For details on creating custom agents in VS Code, see the VS Code custom agents documentation.

Key differences from SKILL.md

Waza treats .agent.md files as first-class evaluation targets, just like SKILL.md. The key differences:

Aspect	SKILL.md	.agent.md
Purpose	Define reusable Copilot skills	Define custom VS Code agent personas
Frontmatter fields	name, description, triggers	name, description, tools, model, handoffs, mcp-servers, agents
Tool usage	No built-in constraint	Declares allowed tools in `tools:` field
Auto constraints	Manual `tool_constraint` grader needed	Implicit `tool_constraint` auto-injected if `tools:` field present
When both exist	SKILL.md takes priority in same directory	.agent.md evaluated only if SKILL.md absent

Quick start

1. Run the example

Waza includes a complete security-reviewer agent example:

waza run examples/custom-agent/eval.yaml -v

This evaluates a custom security-reviewer agent with tasks covering code review, vulnerability detection, and compliance checking.

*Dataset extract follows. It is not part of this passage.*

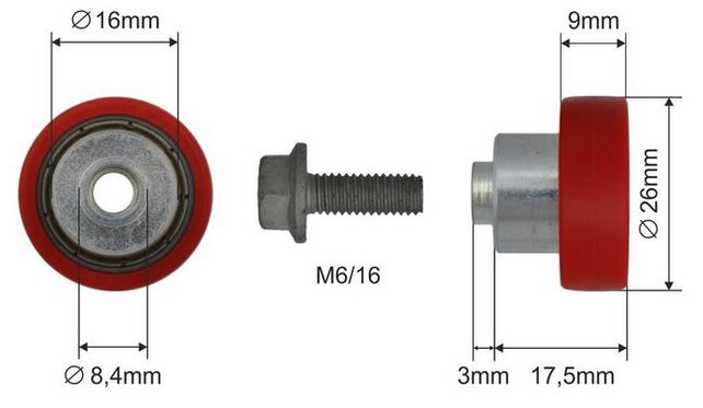 Łożysko dachu składanego typ Versus (czerwone łączniki pomiędzy poprzeczkami dachu). Rolka o średnicy 26 mm, część robocza czerwona tworzywo sztuczne. Mocowanie gwint śruby, łożysko kulkowe.

2. Point waza at your agent

Create an eval.yaml:

name: my-agent-eval
description: Evaluating my custom agent
skill: my-agent  # Points to my-agent.agent.md in the same directory
version: "1.0"

config:
  model: claude-sonnet-4.6
  timeout_seconds: 300

graders:
  - type: text
    name: identifies_issues
    config:
      regex_match:
        - "(?i)(bug|issue|security|error)"

tasks:
  - "tasks/*.yaml"

3. Run it

waza run eval.yaml -v

Waza discovers your my-agent.agent.md, parses its frontmatter, and auto-injects a tool_constraint grader if your agent declares a tools: field.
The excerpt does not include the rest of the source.